Does the distribution of defective items follow this distribution?

In [6]:
# your code here
n = 60
defect = [0,1,3,4]
observed = [32, 15, 9, 4]
mu = sum([defect[x]*observed[x] for x in range(len(observed))]) / n
expected = [(poisson.pmf(x, mu) * n) for x in range(len(observed))]

chisquare(observed, f_exp = expected)

Power_divergenceResult(statistic=6.3034965141828545, pvalue=0.09774272956839174)

- The p-value is above 0.05 so we will not reject the null hypothesis that the distributions are the same.

## Question 4
A quality control engineer takes a sample of 10 tires that come out of an assembly line, and would like to verify on the basis of the data that follows, if the number of tires with defects observed over 200 days, if it is true that 5% of all tires have defects (that is, if the sample comes from a binomial population with n = 10 and p = 0.05). 

![](table6.png)


In [8]:
from scipy.stats import binom

n = 10
p = 0.05
observed = [138, 53, 9]
expected = [(binom.pmf(x, n, p)*200) for x in range(len(observed) - 1)]
expected.append(200 - sum(expected))
#se = math.sqrt((p * (1 - p)) / n)

chisquare(observed, f_exp = expected)

Power_divergenceResult(statistic=8.306179519542717, pvalue=0.01571578339595159)

### your answer here
- The p-value is 1.5% so at a 5% significance level we reject the null hypothesis that the level of defects is 5% and accept that it may be lower.
- If the significance level is 1% however we cannot assume it's lower.

## Question 5
A researcher gathers information about the patterns of physical activity (AF) of children in the fifth grade of primary school of a public school. He defines three categories of physical activity (1 = Low, 2 = Medium, 3 = High). He also inquires about the regular consumption of sugary drinks at school, and defines two categories (1 = consumed, 0 = not consumed).
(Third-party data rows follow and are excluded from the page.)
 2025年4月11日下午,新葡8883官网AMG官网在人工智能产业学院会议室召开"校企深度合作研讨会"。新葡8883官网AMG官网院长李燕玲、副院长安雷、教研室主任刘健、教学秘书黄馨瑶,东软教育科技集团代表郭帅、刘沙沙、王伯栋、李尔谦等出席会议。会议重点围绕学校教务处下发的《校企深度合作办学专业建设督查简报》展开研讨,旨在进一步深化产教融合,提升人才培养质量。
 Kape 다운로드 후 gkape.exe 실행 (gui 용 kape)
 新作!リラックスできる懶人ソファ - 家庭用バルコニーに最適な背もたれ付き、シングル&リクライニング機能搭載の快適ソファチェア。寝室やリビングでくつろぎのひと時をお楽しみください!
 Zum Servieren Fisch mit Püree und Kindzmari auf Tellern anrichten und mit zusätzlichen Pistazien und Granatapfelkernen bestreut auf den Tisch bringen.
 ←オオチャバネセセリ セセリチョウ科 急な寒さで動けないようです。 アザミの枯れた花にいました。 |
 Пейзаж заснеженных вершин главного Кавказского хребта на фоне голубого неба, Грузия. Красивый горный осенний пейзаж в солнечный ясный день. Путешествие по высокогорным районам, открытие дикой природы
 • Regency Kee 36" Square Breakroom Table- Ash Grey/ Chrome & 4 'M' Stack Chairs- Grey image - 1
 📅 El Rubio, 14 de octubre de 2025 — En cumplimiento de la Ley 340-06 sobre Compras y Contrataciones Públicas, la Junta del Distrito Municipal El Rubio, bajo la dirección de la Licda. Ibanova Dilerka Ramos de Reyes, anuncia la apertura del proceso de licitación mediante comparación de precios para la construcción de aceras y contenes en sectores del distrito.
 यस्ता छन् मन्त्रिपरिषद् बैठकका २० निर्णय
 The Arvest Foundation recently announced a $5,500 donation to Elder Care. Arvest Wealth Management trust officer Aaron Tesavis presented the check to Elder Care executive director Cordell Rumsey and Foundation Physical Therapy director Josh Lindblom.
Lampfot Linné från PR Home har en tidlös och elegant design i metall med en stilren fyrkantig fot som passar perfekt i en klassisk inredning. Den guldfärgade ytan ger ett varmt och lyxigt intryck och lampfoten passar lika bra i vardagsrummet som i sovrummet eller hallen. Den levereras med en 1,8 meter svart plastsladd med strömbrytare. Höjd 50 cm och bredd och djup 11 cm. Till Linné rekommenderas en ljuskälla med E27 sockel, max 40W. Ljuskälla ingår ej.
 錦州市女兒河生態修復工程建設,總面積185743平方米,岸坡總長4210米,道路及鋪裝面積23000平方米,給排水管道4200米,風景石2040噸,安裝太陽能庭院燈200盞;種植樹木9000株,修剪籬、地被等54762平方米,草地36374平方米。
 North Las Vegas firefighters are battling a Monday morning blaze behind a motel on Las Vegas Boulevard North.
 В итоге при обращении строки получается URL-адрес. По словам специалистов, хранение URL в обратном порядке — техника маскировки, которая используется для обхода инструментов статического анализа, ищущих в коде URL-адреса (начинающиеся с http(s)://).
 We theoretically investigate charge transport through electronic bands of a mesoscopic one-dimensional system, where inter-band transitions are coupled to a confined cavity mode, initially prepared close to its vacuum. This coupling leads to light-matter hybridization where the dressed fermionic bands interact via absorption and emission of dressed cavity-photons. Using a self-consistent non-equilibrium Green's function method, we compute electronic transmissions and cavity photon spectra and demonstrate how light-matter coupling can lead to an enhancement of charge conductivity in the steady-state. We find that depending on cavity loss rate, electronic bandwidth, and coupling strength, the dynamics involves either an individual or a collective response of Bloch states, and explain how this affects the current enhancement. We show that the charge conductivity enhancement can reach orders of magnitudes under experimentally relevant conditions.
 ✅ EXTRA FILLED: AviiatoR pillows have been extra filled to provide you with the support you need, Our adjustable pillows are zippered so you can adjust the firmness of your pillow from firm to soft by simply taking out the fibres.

We would like to evaluate if there is an association between patterns of physical activity and the consumption of sugary drinks for the children of this school, at a level of 5% significance. The results are in the following table: 

![](table5.png)

In [9]:
#your answer here
import pandas as pd
import numpy as np
from scipy.stats import chi2_contingency

af = ['baja' , 'media', 'alta']
si = [32, 14, 6]
no = [12, 22, 9]

d = {'af': af, 'si': si, 'no': no}
ds = pd.DataFrame(d).set_index('af')

chi2_contingency(ds)[1]

0.004719280137040844

- The p-value is very small under 5% so we reject the null hypothesis that they are independant and can conclude that there is an association with the activity level and consumption of sugary drinks.